Every few decades, the way we interact with computers goes through a huge shift.
Starting in the 1960s, all we had were giant mainframe computers.
These machines took up a whole room and cost millions in today’s dollars.
In the 1980s, every household in America could own a computer.
I can still recall the beeps and the clicks of my Apple IIc floppy disk drive.
A decade later, laptops allowed us to take our computers on the go.
The earliest laptops were heavy, slow and expensive.
But they allowed business people to take their work on the road and college students to study in coffee shops.
In the late 2000s, smartphones arrived.
Computers are now near us every second of the day.
We rely on them to direct us to where we’re going, play our favorite songs and keep track of our life history through digital photos.
According to a survey by research firm Statista, 46% of Americans spend five to six hours on their mobile phones daily.
Another 11% spend seven hours or more.
I wouldn’t call my own smartphone use excessive. However, I do feel a crick in my neck from staring down at the screen and numbness in my thumbs from scrolling and texting.
Thankfully, the next evolution in computers is right around the corner…
“Man-Computer Symbiosis” is a 1960 research paper written by J.C.R. Licklider.
He was a computer scientist who had a vision for the internet long before it existed.
Licklider outlined that the interactions between computers and users would become simpler over time.

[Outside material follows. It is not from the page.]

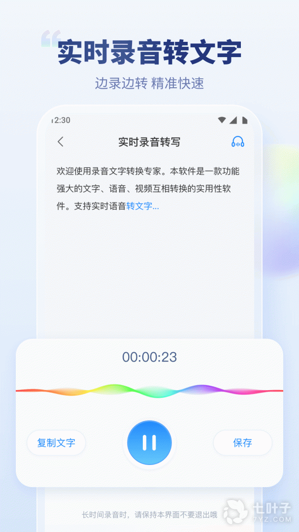 录音文字转换专家是一款以实时录音转换为文字、外部音频转换为文字、文字转语音为核心功能的办公、学习软件,可以有效满足职场上班人士、在校学生等群体在办公会议、讲座教学、课堂授课等场景下实现实时录音并同步转换为文字、将录制好的音频文件转换为文字等需求。

This approach was essential in using information technology.
As he predicted, we’ve gone from mainframes to desktops to laptops to smartphones.
And it’s looking like the next iteration of computers will be wearable technology.
Things Have Changed in 8 Years
In 2014, I had the privilege of visiting Google’s New York City headquarters and trying out its smart glasses.
At the time, they were a little slow and clunky.
The operating system didn’t always hear the voice commands, so you had to repeat yourself a few times.
On the streets of New York, onlookers might have thought you were talking to yourself.
But things have changed in eight years.
Chips have gotten much faster, and artificial intelligence is a magnitude better.
That means a new way to interact with our computers and our world is right around the corner.
The Next Battleground for Computational Supremacy
The next battleground for computational supremacy will be right in the middle of our faces.
Silicon Valley is unveiling new smart glasses that will get us one step closer to J.C.R. Licklider’s vision.
Perhaps no other tech giant has gone as far as Meta Platforms Inc. (Nasdaq: FB), formerly Facebook.
CEO Mark Zuckerberg has already committed $10 billion toward the metaverse this year.
The company has also partnered with eyewear giant EssilorLuxottica to create the Ray-Ban Stories.
These smart glasses have a built-in camera and headphones that let users make calls, listen to music and record videos and photos.
The key to this deal is that EssilorLuxottia owns Ray-Ban and Oakley and has licensing agreements with every major fashion label.
That means future smart glasses will come with a familiar style.
It also owns LensCrafters, Sunglass Hut and a dozen other retailers.
With 8,000 locations, it gives Meta a physical retailer where potential customers can try out and purchase the new glasses.
Along with Meta’s virtual reality hardware called Oculus, this gives the company a solid head start on what will likely become the future of computers.
Of course, the next evolution could come in the form of an implantable device, like Tesla CEO Elon Musk’s concept called Neuralink.
As for me, I’ll choose the neck and thumb pain over a chip in my cerebellum.